Newton's Method - Algorithm 3.2

Thomas J. Kennedy

Contents:

1 Input

2 Formal Pseudocode

3 Adapting the Pseudocode

4 Complexity Analysis

4.1 Spatial

4.2 Temporal

1 Input

We are given, as input:

$x_0, x_1, c_2, \ldots, x_n$

and

$f_0, f_1, f_2, \ldots, fx_n$

where $f_k = f(x_k)$ .

Which (similar to algorithm 3.1) allows us to write the first two columns of the divide difference table.


$x_0$	$f[x_0]$
$x_1$	$f[x_1]$
$x_2$	$f[x_2]$
$\vdots$	$\vdots$
$x_n$	$f[x_n]$

However, there is a hidden assumption that the individual reading the code knows to write the setup code for the $d_i$ values.

Example 1: Setup

$\begin{array}{l} \text{for } k = 1, 2, 3, \ldots, n \text{ do} & \\ \phantom{4}\phantom{4} d_i := f(x_i) & \\ \text{end for}\\ \end{array}$

2 Formal Pseudocode

The actual pseudocode is almost identical to Algorithm 3.1.

$\begin{array}{l} \text{for } k = 1, 2, 3, \ldots, n \text{ do} & \\ \phantom{4}\phantom{4} \text{for } i = 0,1 , \ldots, (n-k) \text{ do} & \\ \phantom{4}\phantom{4}\phantom{4}\phantom{4} d_{i} = \frac{ d_{i+1} - d_{i} }{x_{i+k} - x_{i}} & \\ \phantom{4}\phantom{4} \text{end for}\\ \text{end for}\\ \end{array}$

3 Adapting the Pseudocode

We are now ready to (as before) adapt this pseudocode to our langauge of choosing. Let us start with Python.

Example 2: Python

def alg_31(x_values, d_values):
    for k in range(1, n+1):
        for i in range(0, n-k+1):
            # Note that this next line still needs to be tweaked for a
            # to-be-selected data structure
            d[i] = (d[i+1] - d[i]) / (x_i_plus_k - x_i)

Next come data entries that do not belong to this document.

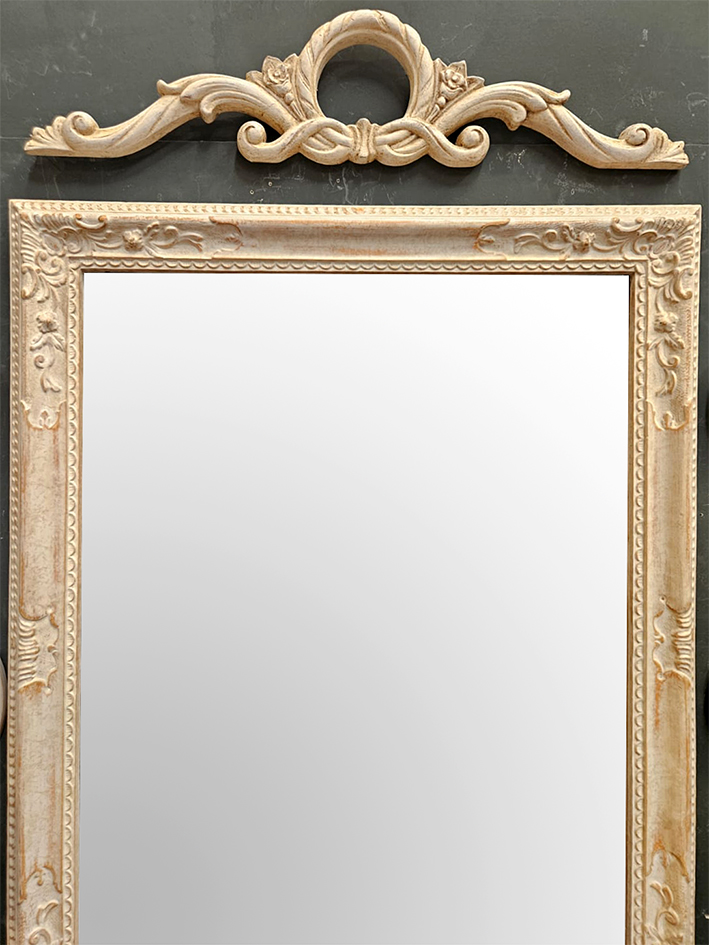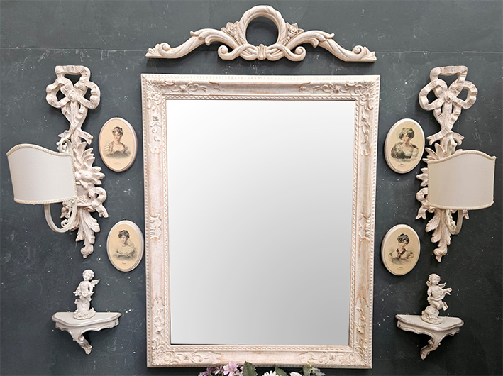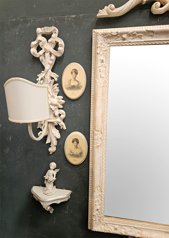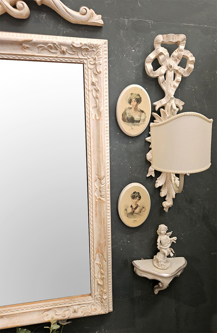 Completo composto da specchio da parete con cornice in legno colore bianco provenzale, cm 60×80 misura interna; da coppia di applique in legno pastellato con ventola, da due mensoline in legno con statuine di puttini in resina, da 4 damine su pannello ovale cm 10×15 e da fregio decorativo.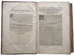 275. NIGER (Domenicus Marius), CORVIN, STRABON. Geographiae Commentariorum Libri XI, nunc primùm in lucem magno studio editi, qvibus non solum orbis totius habitabilis loca, regiones, provinciæ, urbes, montes, insulæ, maria, flumina, & cætera, ut nostro tempore sunt sita & denominata, verum etiam omnium feré populorum & variarum gentium mores, leges ac ritus tam sacri quam prophani exacté describuntur, ita ut uel ipso Strabone utilior nostris temporibus, auctor hic doctorum quorundam iudicio merito habeatur. Una cum Laurentii Corvini Novoforensis Geographia. Et Strabonis Epitome per D. Hieronymum Gemusæum translata, quam adiecimus ut quo cum Marium hunc nostrum Lector conferat, habeat. Adiecto rerum & verborum memorabilium Indice lo cupletissimo. Basileæ (Bâle), per Henrichum Petri, mense Martio, 1557. In-folio, reliure veau brun, dos à 6 nerfs orné de fleurons fleurdelysés, roulette en dents de rat en encadrement sur les plats, inscription Collegium Marchianum dans une frise dorée avec fleurons d’angle fleurdelysés au centre des plats. Qq. frottements et épidermures avec petit enfoncement sur la coupe latérale du premier plat, qq. trous de vers au dos, coins émoussés. (96)-787-(1) pp. Qq. rousseurs et traces brunes marginales, petit défaut de papier dans l’angle d’un f., dernier feuillet froissé avec deux petits trous en marge supérieure. Lettrines sur bois gravées. Belle marque de l’imprimeur en page de titre et au verso du dernier feuillet. Bon état général. Le Collegium Marchianum ou Collège de La Marche est un Collège universitaire fondé après 1362 par Jean de La Marche, dirigé à sa mort par son neveu puis transféré en 1420 sur la montagne Sainte-Geneviève et développé par Beuvin de Winville. Fermé en 1790, ses bâtiments furent donnés en 1808 à l’Université de Paris, transformés en caserne en 1830, puis démolis en 1855 lors du percement de la rue des Ecoles. Rare édition originale de ce Compendium par le vénitien Dominicus Marius Niger (ou Le Noir), sur lequel on connaît peu de choses, décrivant la géographie et s’intéressant aux mœurs et coutumes et lois de plusieurs parties du monde (Europe p. 1 à 349, Afrique p. 350 à 414, Asie p. 415 à 592). … il ne parle point de l’Amérique : ce qui fait connoître qu’il composa cet Ouvrage, avant qu’Americ Vespuce eût découvert cette quatrième partie du monde l’an 1492, selon Moreri. L’ouvrage commence par un long index des noms sur 3 colonnes (84 pp.) et, après les Commentaires de Niger, se poursuit par la géographie de Laurent Corvinus (1465-1527) et un Epitome de Strabon traduit par Hieronymus Gemusaeus (1505-1544) déjà publié en 1539. L’édition est établie par Wolfgang Wissenburg, auteur de la préface.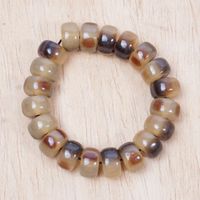 Eco-Friendly Recycled Glass Beaded Stretch Bracelet in Brown 'Anigye Splendor' Item ID: 2671804338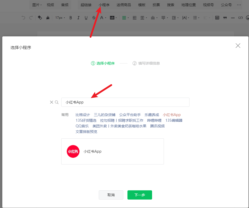 #先在微信公眾號(hào)后臺(tái),插入一篇帶有你主頁鏈接或活動(dòng)鏈接的小紅書小程序;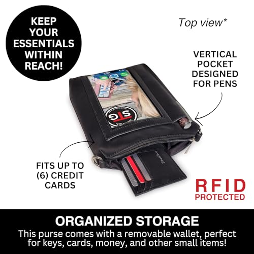 • STAY CONNECTED & ORGANIZED ON-THE-GO - Our large crossbody purse brings fun to your style along with unparalleled convenience to daily activities. It features a unique, see-through touch screen window, ensuring that your smartphone – whether making calls, answering texts, or browsing social media – is at your fingertips, without the need to remove it.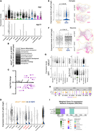 NPY is reduced in Alzheimer’s brains and interacts with BDNF-NGFR signaling (A) Violin plot for npy and npy1r expression in every identified cell type in zebrafish. (B) Top ten enriched GO terms when abca7+/− + Aβ42 and wild-type + Aβ42 were compared indicate altered neurogenesis mechanisms in astroglia. (C) Neurogenic genes are downregulated and quiescence genes are upregulated in astroglia after abca7 knockout. (D) Violin plot for expression of ngfra in astroglia when abca7+/− + Aβ42 is compared to wild-type + Aβ42. (E) Expression of ngfra is strongly reduced in astroglia. (F) Ngfra ligand Bdnf is significantly reduced in neurons. (G) Expression of ABCA7 and NPY in human brains (data reanalyzed from Lau et al. 60 ), showing co-expression in neurons. (H) Expression analyses in various AMP-AD brain transcriptome datasets indicate uniform downregulation of NPY with AD. Asterisks indicate statistical significance (p < 0.05). (I) Weighed gene co-expression network analyses based on Mayo Clinic temporal cortex (TCX) RNA-seq data indicate NPY, NPY1R, and BDNF expressions are negatively correlating with AD and are associated with neurons. See also Figure S4 ; Data S1 , S2 , S3 , S4 , and S5 ; Tables S1–S3 . |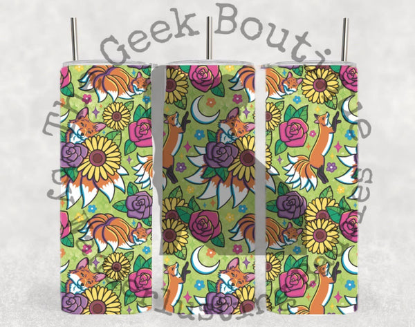 Kitsune Fox Ninetails Anime Bright Cute Flowers Tumbler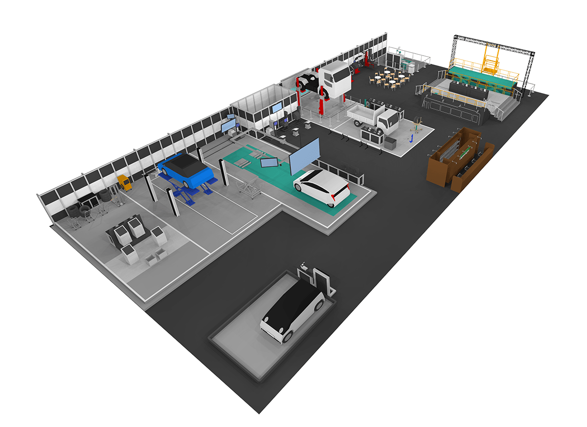 ブースは整備工場のストールを再現することで、機器活用シーンをイメージしやすく作り上げる。乗用車関連では、足回り機器や次世代車両への対応、車検やコンプライアンスに着目した製品も紹介する。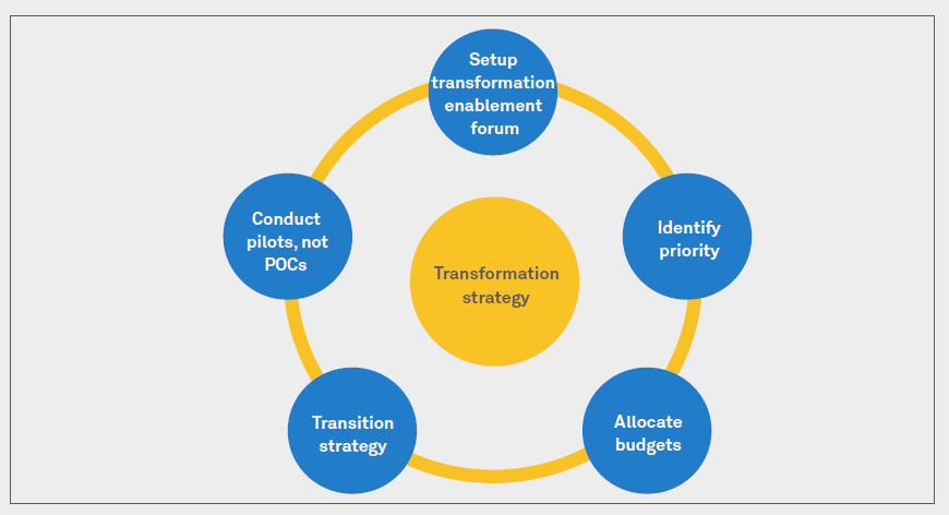 Transformation is integral to any organization’s business strategy, thanks to the ever changing digital business landscape. While organizations across board realize the need for transformation, what sets the leaders apart is their unwavering focus on the five building blocks that form the core of a robust transformation strategy (Figure 1).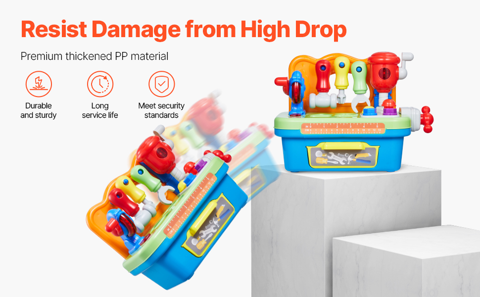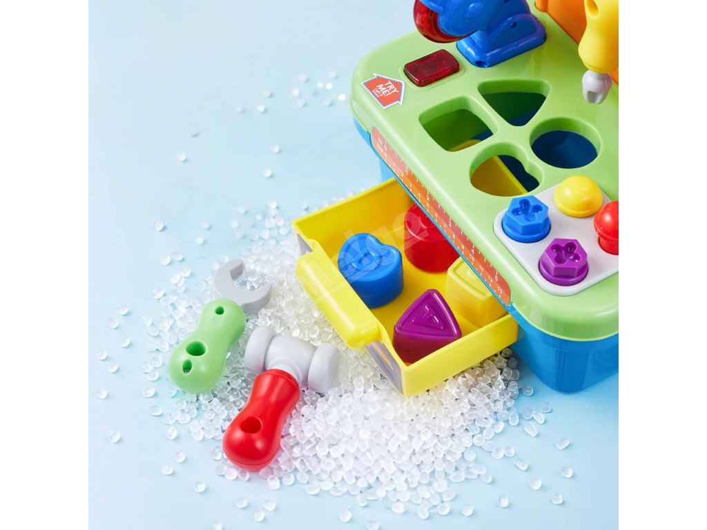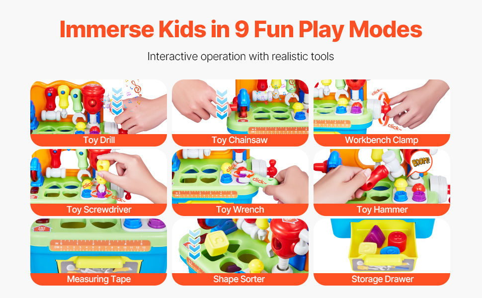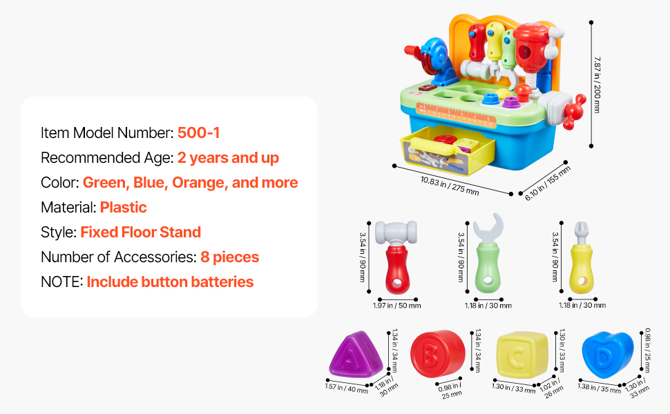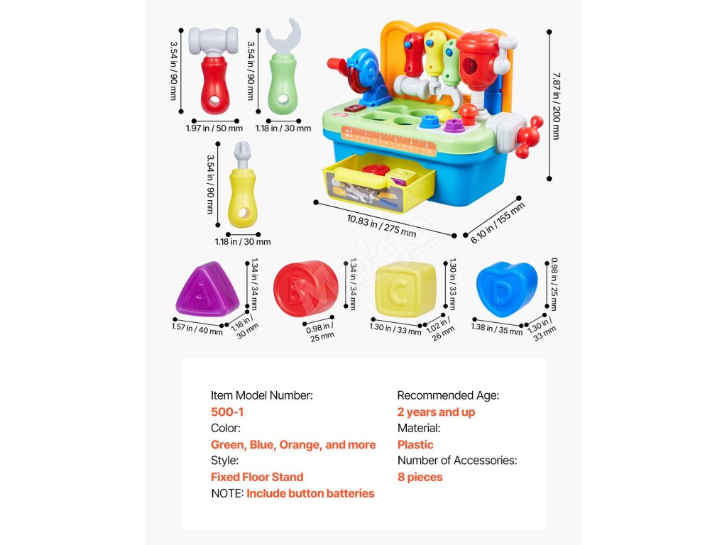 Hudobný vzdelávací pracovný stôl sa dodáva s 3 realistickými nástrojmi (skrutkovač, kľúč, kladivo) a 4 farebnými blokmi v zábavných tvaroch, ako sú štvorce, trojuholníky, srdiečka a kruhy. Ideálne pre malé rúčky na posilnenie úchopu pri bezpečnej hre.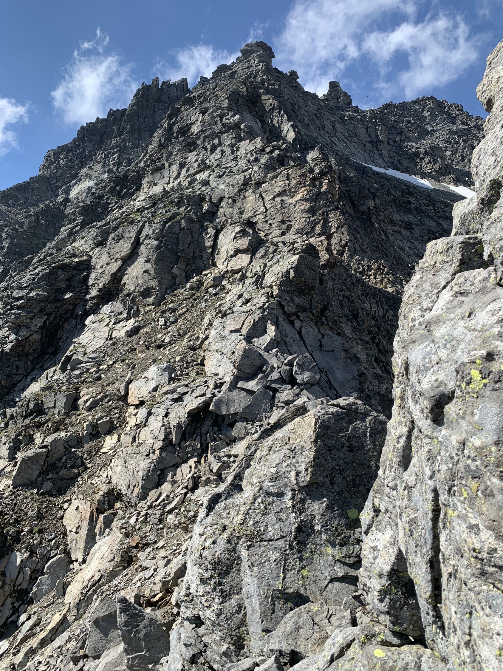 Aufstieg im brüchigen Gestein. Eine klare Routenführung ist nicht gegeben, Man muss selber suchen. Meist auf dem Grat, es ergeben sich viele Möglichkeiten die alle in etwa gleich sind. Die zwei roten Türme überklettern. Der Graue auch etwas rechts davon. Der Rote Turm kann rechts umgangene werden. Je nach dem Steigeisen notwendig. Danach wird das Gestein besser. Nicht zu Beginn in die linke grosse Rinne hoch, die ist zu brüchig. Sondern etwas links am Grat bleiben bis zum Gipfel. Abstieg Normalroute mit guten Trittspuren. Steigeisen von Vorteil.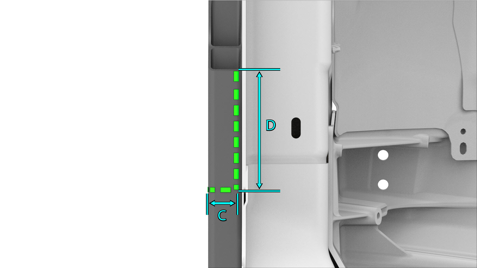 - Drill a 20 mm. hole in the Hinge Pillar Reinforcement service part in the indicated location.
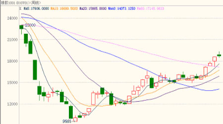 同樣,從滬膠前20名多空主力持倉上看,在期價上漲的同時,多空主力均大幅增倉。空頭大舉增倉是為了避免徹底失敗,出自其本能的抵抗,同時也迫使看多的資金更多地轉向遠月。從盤面的走勢看,空頭的這種策略取得一定成效,0911合約漲幅小于遠月。1001合約受到看多資金大力追捧,而空頭無暇打壓,因此該合約漲幅大于0911合約。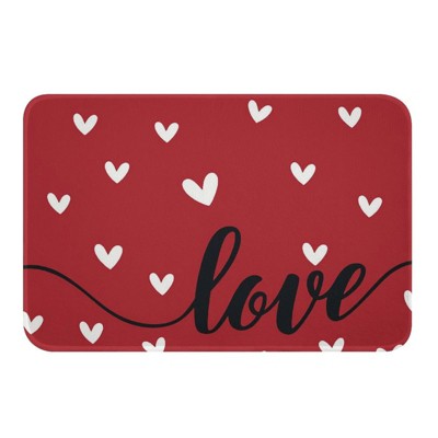 Valentine's Day Red & White Heart "Love" Dual-Use Doormat & Bath Mat - Crystal Velvet, Non-Slip Absorbent, Ideal Gift 15.7x23.6in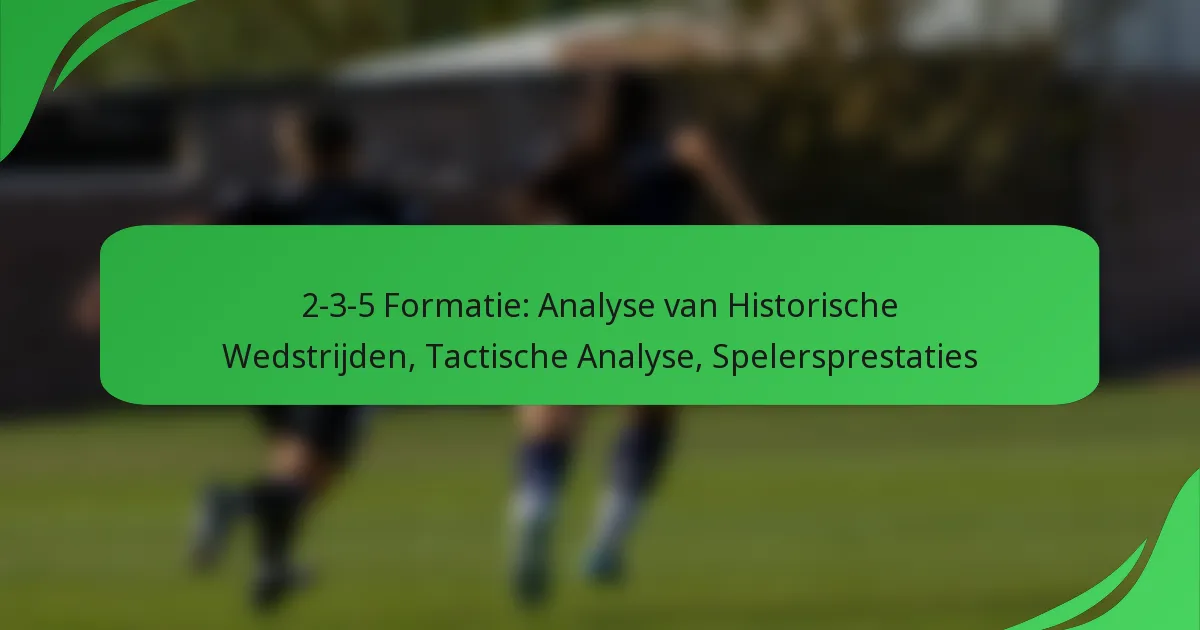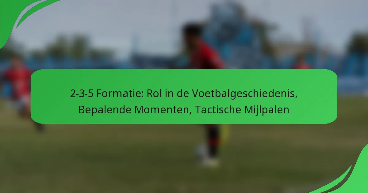 De 2-3-5 formatie is een klassieke opstelling in het voetbal die bestaat uit twee verdedigers, drie middenvelders en vijf aanvallers, waarbij de nadruk ligt op offensief spel om scoringskansen te maximaliseren. Deze formatie ontstond eind 19de eeuw en werd gevormd door belangrijke figuren in de voetbalgeschiedenis die de tactische benadering verfijnden, waarbij zowel offensieve als defensieve strategieën in balans werden gebracht naarmate het spel evolueerde van zijn eerdere chaotische stijlen.

Rust is a bit nicer since the ..= allows us to include the upper bound when writing a loop.

Example 3: Rust

fn alg_31(x_values: &[f64], d_values: &[f64]) {
    for k in 1..=n {
        for i in 0..=n-k {
            // Note that this next line still needs to be tweaked for a
            // to-be-selected data structure
            d[i] = (d[i+1] - d[i]) / (x_i_plus_k - x_i)
        }
    }
}

C++ and Java are essentially identical (assuming arrays are used in both).

Example 4: C++

void alg_31(const double* x_values, const double* d_values, const int n)
{
    for (int k = 1; k <= n; ++k) {
        for (i = 0; i <= n-k; ++i) {
            // Note that this next line still needs to be tweaked for a
            // to-be-selected data structure
            d[i] = (d[i+1] - d[i]) / (x_i_plus_k - x_i)
        }
    }
}

Example 5: Java

void alg_31(final double[] x_values, final double[] d_values)
{
    for (int k = 1; k <= n; ++k) {
        for (i = 0; i <= n-k; ++i) {
            // Note that this next line still needs to be tweaked for a
            // to-be-selected data structure
            d[i] = (d[i+1] - d[i]) / (x_i_plus_k - x_i)
        }
    }
}

4 Complexity Analysis

Of course… no discussion of algorithms would be complete without discussing performance. In this case… we are interested in tail behavior (i.e., performance for large numbers of points).

Note that complexity analysis is only part of the picture. Considerations such as cache performance, compiler optimizations, data dependencies, and vectorization (e.g., SIMD) cannot be ignored.

4.1 Spatial

If we examine the data used by the algorithm (i.e., input, intermediary values, and output)…

input x values: n
input f-of-x values: n
second level $f[x_i, x_j]$
third level $f[x_i, x_j, x_k]$
$\ldots$

However, this time everything except the top entry in each row is eventaully overwritten. This time… we end up with

$n + n + n$

which simplifies to

$O(3n)$

which then simplifies to

$O(n)$

…even if we decided to use a fourth array to avoid dealing with array index trickery.

4.2 Temporal

Analyzing temporal complexity requires looking at the two loops as one unit…

$k$	Inner Loop	Total Iterations
1	$0, 1, 2, \ldots (n-1)$	$n$
2	$0, 1, 2, \ldots (n-2)$	$n - 1$
3	$0, 1, 2, \ldots (n-3)$	$n - 2$
$\vdots$	$\vdots$	$\vdots$
$n-1$	$0, \ldots, n - (n-1)$	2
$n$	$0$	1

which leads to… $O(n^2)$ by way of $\frac{n(n+1)}{2}$ . This is the same process and result as in Algorithm 3.1.